When a country decides that the semiconductor industry is a national asset, we understand the step. When a country decides that artificial intelligence is a critical field for national security, that is also clear. But what happens when a country decides that aging itself is a strategic problem, on the level of weapons systems or energy imports? That is exactly what happened this week in South Korea.
On May 13, 2026, the Seoul Economic Daily reported that the South Korean government officially launched an unprecedented national-scale project, aiming to slow, and in some cases reverse, biological aging processes in the population. The Korean name is difficult to translate precisely, but in policy documents it is published in English as the National Reverse-Aging Project. This is not the announcement of a single study. It is a declaration of a multi-year national program, with budgets, goals, and designated officials.
The background is not technological; it is demographic. South Korea is the fastest-aging country in the world, even faster than Japan. At the end of 2025, it crossed the statistical threshold of a super-aged society: more than 20% of the population is 65 and older. The birth rate fell below 0.7 per woman (the lowest in the world). The conclusion in Seoul was simple: The pension system, health insurance, and workforce cannot be saved if we only manage aging. We must try to reverse it.
What Exactly is a National Reverse-Aging Project?
The project is not a single medical intervention, but a broad policy and funding framework. It combines three layers:
- Basic research, funding geroscience labs in universities, studying epigenetic clocks, cellular senescence, Yamanaka factors, stem cells.

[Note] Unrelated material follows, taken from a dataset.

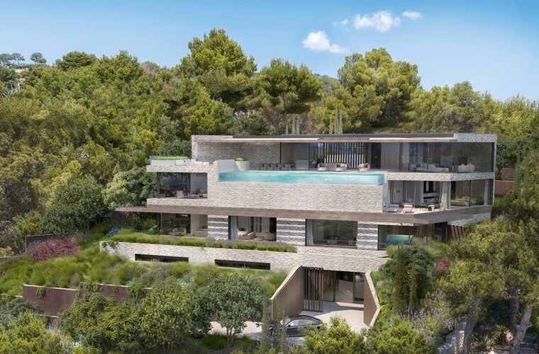 Villa de nueva construcción en Old Bendinat, Calvià, con vistas panorámicas al mar, piscina infinita, suite de invitados y solárium, en una de las zonas más exclusivas de Mallorca.

- Clinical translation, accelerating regulatory approval pathways for drugs and treatments targeting aging processes, not just individual diseases.
- National infrastructure, an expanded Korean biobank, longitudinal tracking of older adults, laboratories for measuring biological age, and a data platform connected to the national healthcare system.
Additionally, the project defines healthy longevity (healthspan), not lifespan, as the primary goal. That is, the goal is not for citizens to live an extra two years in a wheelchair, but for them to live an extra decade independently, actively, and employed if they wish. This is an important nuance because it changes the entire incentive structure.
Mechanism: How Does a National Project Even Affect Aging?
Aging is not a single disease. It is a bundle of parallel processes: low-grade chronic inflammation (inflammaging), accumulation of zombie cells (senescent cells), DNA damage, mitochondrial decline, telomere shortening, impaired intercellular communication, and more. Until today, the medical system treated the outcomes: diabetes, Alzheimer's, cancer, osteoporosis. The Korean project offers a paradigm shift: treat the common root.
How does a government project do this in practice?
- Concentrated budget. Instead of each university chasing small grants, there is a special national fund. This enables large-scale experiments that would not be possible elsewhere.
- Standardization of biological age measurement. If every lab uses a different epigenetic clock, results cannot be compared. The project defines a uniform national measurement panel.
- Fast-track approval pathways. The Korean regulator (MFDS) has developed a dedicated pathway for treatments targeting aging, instead of forcing them to show results in a specific disease.
- Data sharing. The national healthcare system provides researchers with tracking data on millions of citizens (with privacy standards), a resource that Western countries struggle to provide.
Each of these components alone is rare in any research system. Their combination, in one country, under a government umbrella, creates momentum.
Current Evidence: What is Already Known and Who is Involved
Partner 1: KAIST and the Institute of Biological Aging
The central institution leading the scientific side is KAIST (Korea Advanced Institute of Science and Technology), which hosts a well-known group researching zombie cells and senolytics. Labs at KAIST published studies in 2024 and 2025 on new senolytic molecules that clear senescent cells in heart and kidney tissues. The budget expansion under the national project allows moving from the preclinical stage to large-scale human trials.
Partner 2: Seoul National University (SNU)
Seoul National University leads the genomics and epigenetics side. Its Center for Aging Biology specializes in the Korean epigenetic clock, a DNA methylation model calibrated to the Asian population, whose genetic variation is not always well-represented in the Horvath and GrimAge clocks developed on Western populations. The project funds the expansion of this clock and its testing on samples from hundreds of thousands of citizens.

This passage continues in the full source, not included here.